A city where roads are congested, open space is rare and homes and erven are becoming smaller and smaller – it’s little surprise that Pinelands in Cape Town is becoming a “firm favourite” with family-aged property buyers. Known for its spacious grounds, excellent schools, charming thatch-roofed homes and abundance of towering pine trees, the neighbourhood is a veritable oasis of suburban calm.

This is according to Rawson Properties Sales Partner for the area, Anthony McCarthy, who says recent buyers fall largely in the youth and middle-aged categories.

As its desirability has increased, Pinelands’ reputation for being “elderly-centric” has also diminished, although it retains a wonderful selection of very popular retirement villages, says McCarthy. English and Afrikaans remain the predominant languages, but residents are increasingly multicultural.

“The lifestyle in Pinelands definitely revolves around family and the peaceful setting of the many parks, the canal and the local shopping hubs,” he says. “Living here is convenient and easy – everything is within quick reach, from the CBD a ten-minute drive away to the local sports facilities, schools, social clubs and gyms.”

Pinelands properties vary from sprawling heritage homes with thatched roofs to multi-storied contemporary houses with generous gardens. There are also security estates and sectional title schemes available, providing attractive options for buyers in all phases of life.

Prices range from R1 million to R1.6 million for a two bedroom, 80sqm apartment, to between R3.5 million and R3.9 million for an average three bedroom, two bathroom home on an erf of around 700sqm. Larger properties are also available, with prices averaging up to R4.6 million – excellent value when viewed in contrast with other parts of the Cape Town Southern Suburbs.

“Prices do vary depending on which part of Pinelands you look in,” says McCarthy. “Olde Pinelands – also known as Champagne or Royal Pinelands – is one of the more premium areas, with an abundance of original, thatched properties on lovely, large erven. Forest Drive homes are also very popular, and have higher price tags as a result. Homes on the periphery of the suburb, on the other hand, can often be found for a relative bargain – they may be a little older, or a little smaller, but are great options for budget-conscious buyers.”

While the market has slowed with the strain of South Africa’s recent economic and political instability, McCarthy says demand for property in Pinelands remains strong, and stock supply is steady.

“The most popular properties are family homes with good-sized gardens and multiple bathrooms,” he says. “Garden cottages have also started to become a very common buyer ‘must-have’, and have been known to make or break sales in the area.”

According to McCarthy, the sectional title market in Pinelands is particularly active at present, as buy-to-let investors capitalise on the growing demand for rental accommodation from young professionals.

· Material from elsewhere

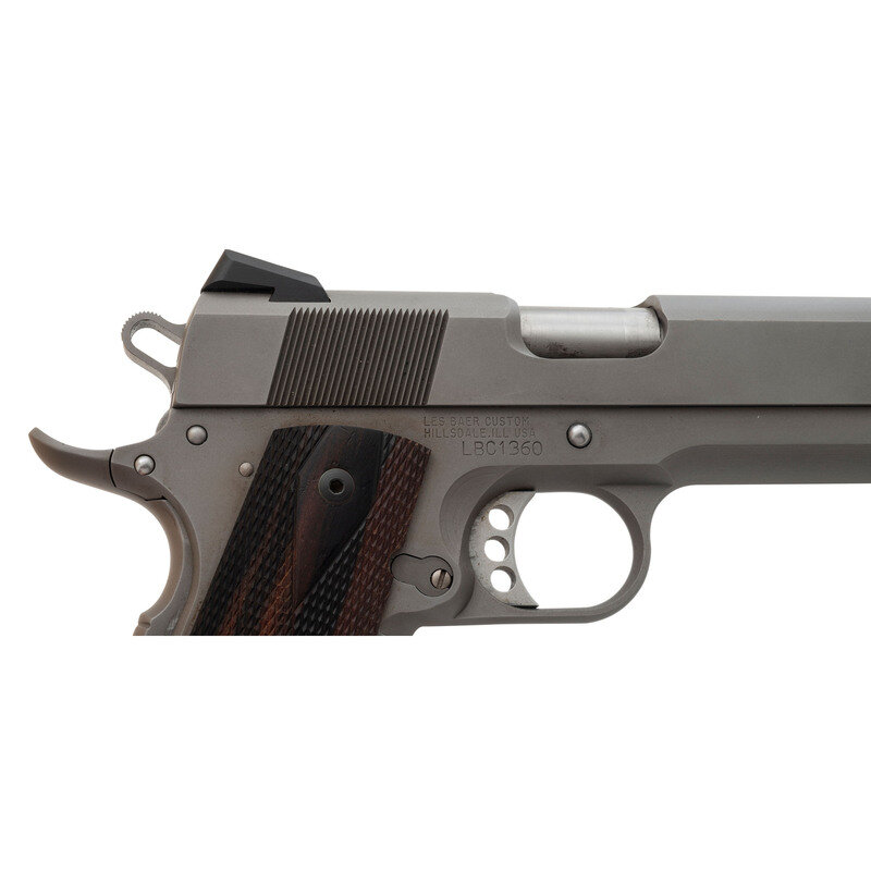 .45 ACP. 5" barrel length. SN: LBC1360. Matte stainless steel finish overall mounting diamond checkered walnut grips with NOVAK'S sights consisting of a tritium front bead and rear line. Short recoil operated single action autoloading pistol fed by detachable single stack magazines. Item features a wide array of custom features from Les Baer including: Baer beavertail grip safety with pad, adjustable speed trigger, extended magazine release, extended safety lever, front and rear cocking serrations, Briley style bushing, full length guide rod, high cut forward gripstrap, checkering to gripstraps, one piece flared magazine well extension, and skeletonized Commander hammer. Item mounts an Ed Brown barrel. Magazine is a Wilson Combat pattern with synthetic follower. {MODERN}

“It’s very convenient for employees of the financial services companies that are based in Pinelands to live in the area,” he says. “They are generally great tenants, with stable income and good career prospects, which makes buy-to-let properties a relatively safe and profitable bet for investors.”

Rental returns aside, Pinelands properties are still appreciating above inflation on average, with growth sitting at 8% to 10% per annum. As for market movement, McCarthy says homes listed at market-related prices still sell relatively quickly, but overpriced properties are lingering on the market for months at a time.

“We’re no longer in a situation where demand outweighs supply by a large margin, which makes it essential for sellers to market their homes intelligently and at fair prices,” he says. “Buyers are there, but they’re a lot more cautious than they were a couple of years ago. Sellers need to be aware of this dynamic and remain competitive to sell well.”